# Steam Meldung



## JC88 (21. Oktober 2010)

Hallo,

ich hatte gestern die wunderbare Gelegenheit bei CoD MW2 im Multiplayer auf mehrere Cheater gleichzeitig zu treffen. Nach kurzer Recherche habe ich heraus gefunden wie man solche User per Steam melden kann, egal ob was dabei rum kommt oder nicht.

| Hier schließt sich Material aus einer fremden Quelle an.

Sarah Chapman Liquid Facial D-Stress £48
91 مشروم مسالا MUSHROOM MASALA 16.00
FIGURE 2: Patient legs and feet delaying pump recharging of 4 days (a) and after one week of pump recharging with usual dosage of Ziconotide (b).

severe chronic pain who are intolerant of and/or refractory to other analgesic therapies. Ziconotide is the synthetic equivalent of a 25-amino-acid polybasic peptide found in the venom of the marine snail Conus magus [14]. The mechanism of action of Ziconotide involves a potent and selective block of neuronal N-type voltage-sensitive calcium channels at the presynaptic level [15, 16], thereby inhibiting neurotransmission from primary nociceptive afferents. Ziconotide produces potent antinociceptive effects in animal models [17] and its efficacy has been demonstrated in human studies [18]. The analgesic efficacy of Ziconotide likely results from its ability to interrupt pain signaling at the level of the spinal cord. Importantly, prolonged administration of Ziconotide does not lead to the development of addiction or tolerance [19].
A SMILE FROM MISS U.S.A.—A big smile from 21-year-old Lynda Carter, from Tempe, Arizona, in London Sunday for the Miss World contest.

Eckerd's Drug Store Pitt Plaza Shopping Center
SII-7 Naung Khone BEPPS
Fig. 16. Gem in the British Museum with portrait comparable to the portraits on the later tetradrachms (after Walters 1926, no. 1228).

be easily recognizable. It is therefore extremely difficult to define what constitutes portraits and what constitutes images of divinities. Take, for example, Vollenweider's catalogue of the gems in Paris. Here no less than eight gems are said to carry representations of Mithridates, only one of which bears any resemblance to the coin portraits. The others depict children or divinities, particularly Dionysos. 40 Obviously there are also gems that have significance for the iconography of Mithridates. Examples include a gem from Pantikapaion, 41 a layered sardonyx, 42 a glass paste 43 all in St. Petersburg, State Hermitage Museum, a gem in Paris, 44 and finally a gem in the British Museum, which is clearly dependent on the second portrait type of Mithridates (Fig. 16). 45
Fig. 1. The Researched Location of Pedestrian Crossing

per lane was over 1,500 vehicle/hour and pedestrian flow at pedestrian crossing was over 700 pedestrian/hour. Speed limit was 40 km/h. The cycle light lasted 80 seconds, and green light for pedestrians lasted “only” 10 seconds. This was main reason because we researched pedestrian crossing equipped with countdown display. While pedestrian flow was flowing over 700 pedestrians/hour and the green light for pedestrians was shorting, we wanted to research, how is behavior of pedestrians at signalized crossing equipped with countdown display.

Habt ihr das schon mal gemacht? Ich fühlte mich von Steam leicht verar***

aber seht selbst...


----------



## Painkiller (21. Oktober 2010)

Klingt wie eine Anspielung auf Portal.

"The cake is a lie"


----------



## sipsap (21. Oktober 2010)

wie jut is das denn bitte?! xD


----------



## nulchking (22. Oktober 2010)

Krass, einfach nur geil


----------



## FrozenBoy (26. Oktober 2010)

Valve nimmt das sicherlich ernst und der Rat ist gut gemeint. Die haben einen Kuchenfetisch seit Portal! ^^


----------



## amdfreak (26. Oktober 2010)

Wahnsinn xD !


----------



## Speedguru (26. Oktober 2010)

HAHA! Wie geil! Denke aber, dass sie das ernst nehmen


----------



## Rocksteak (26. Oktober 2010)

Ich hab auch sofort an Portal gedacht xD "Nach diesem Level, gibt es Kuchen!"


----------



## JC88 (26. Oktober 2010)

vlt sollte ich Portal mal anspielen...Kuchen gefällt xD


----------



## Chris0974 (31. Oktober 2010)

Käsesahne vieleicht? (T)Raumschiff Surprise lässt grüssen! *lol*


----------